All black and brown, and covered with hair!
Oh, come, they said, oh come to the fair!
The fair? Said he, but I'm a bear!
All black, and brown, and covered with hair!

(from) The Bear and the Maiden Fair George R. R. Martin

Basic Information

A large heavy mammal with shaggy fur and a small tail.

Omnivores, although like most omnivores bears tend to prefer meat and are well equipped to acquire it being armed with powerful teeth and claws. Aggression varies by breed - some are active hunters whilst others will only attack humans if ill, starving or threatened. Most climb and swim very effectively making them hard to escape if they do decide to attack and bears are also famously hard to kill - thus the origin of the phrase "loaded for bear", meaning extremely heavily armed1. In many ecosystems bears will fill the top predator niche … where they don't it's usually because they aren't around or the representative species is fairly small.
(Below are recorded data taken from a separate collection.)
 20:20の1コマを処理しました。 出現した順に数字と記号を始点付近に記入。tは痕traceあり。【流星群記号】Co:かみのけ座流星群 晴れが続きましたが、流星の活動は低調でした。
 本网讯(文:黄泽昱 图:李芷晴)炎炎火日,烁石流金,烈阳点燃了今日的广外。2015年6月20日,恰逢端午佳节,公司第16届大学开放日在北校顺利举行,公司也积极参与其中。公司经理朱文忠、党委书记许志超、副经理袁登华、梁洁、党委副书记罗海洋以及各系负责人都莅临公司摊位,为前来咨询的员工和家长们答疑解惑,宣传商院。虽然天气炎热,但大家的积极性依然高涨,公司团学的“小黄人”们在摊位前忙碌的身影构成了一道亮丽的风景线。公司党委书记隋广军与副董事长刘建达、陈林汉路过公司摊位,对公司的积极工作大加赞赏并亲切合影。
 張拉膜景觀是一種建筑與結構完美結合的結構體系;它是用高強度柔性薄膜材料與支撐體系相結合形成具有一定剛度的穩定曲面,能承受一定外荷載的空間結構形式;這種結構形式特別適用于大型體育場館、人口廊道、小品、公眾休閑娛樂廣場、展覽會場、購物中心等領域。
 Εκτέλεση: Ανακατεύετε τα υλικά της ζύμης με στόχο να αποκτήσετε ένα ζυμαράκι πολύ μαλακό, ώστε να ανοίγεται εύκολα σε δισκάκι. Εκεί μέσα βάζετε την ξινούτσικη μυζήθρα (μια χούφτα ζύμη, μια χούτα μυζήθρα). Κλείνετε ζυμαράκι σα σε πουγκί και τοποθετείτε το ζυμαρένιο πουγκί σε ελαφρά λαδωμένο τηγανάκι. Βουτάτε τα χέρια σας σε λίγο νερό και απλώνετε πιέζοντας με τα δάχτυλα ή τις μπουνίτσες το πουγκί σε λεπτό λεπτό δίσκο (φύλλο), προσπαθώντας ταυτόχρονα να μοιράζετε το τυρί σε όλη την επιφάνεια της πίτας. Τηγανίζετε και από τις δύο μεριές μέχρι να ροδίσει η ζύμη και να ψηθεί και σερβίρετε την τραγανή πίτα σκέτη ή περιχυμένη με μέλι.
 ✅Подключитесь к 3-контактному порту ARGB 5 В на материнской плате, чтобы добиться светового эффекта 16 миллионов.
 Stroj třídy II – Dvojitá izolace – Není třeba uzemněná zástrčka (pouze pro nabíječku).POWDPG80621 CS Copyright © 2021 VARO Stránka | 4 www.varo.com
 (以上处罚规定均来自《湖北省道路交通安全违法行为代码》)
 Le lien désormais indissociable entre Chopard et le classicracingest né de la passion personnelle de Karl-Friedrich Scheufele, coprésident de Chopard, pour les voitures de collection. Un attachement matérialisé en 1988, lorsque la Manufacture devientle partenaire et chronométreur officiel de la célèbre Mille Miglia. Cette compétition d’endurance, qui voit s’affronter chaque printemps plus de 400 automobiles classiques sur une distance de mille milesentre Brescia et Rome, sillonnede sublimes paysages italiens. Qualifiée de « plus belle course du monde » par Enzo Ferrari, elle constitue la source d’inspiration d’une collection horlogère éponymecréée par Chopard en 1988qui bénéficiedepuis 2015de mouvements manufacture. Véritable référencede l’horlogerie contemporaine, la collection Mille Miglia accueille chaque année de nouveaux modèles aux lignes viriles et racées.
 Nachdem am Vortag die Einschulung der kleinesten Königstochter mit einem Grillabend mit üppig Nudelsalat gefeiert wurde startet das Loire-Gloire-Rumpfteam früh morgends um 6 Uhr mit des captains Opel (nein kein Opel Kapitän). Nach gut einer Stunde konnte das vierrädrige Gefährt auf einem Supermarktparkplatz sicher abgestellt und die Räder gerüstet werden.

When not actively hunting, bears are also happy to scavenge and otherwise pick up anything they find and consider edible - which can include breaking into bins and garbage dumps in search of food and raiding stored food in human communities. Those living in bear country without strongly built shelter are often advised to store food in an outbuilding, or in a bag suspended from a nearby tree to avoid bears breaking into their cabins and tents - and even those protected by bricks and concrete are reminded that a bear is quite capable of breaching most standard external doors if sufficiently motivated.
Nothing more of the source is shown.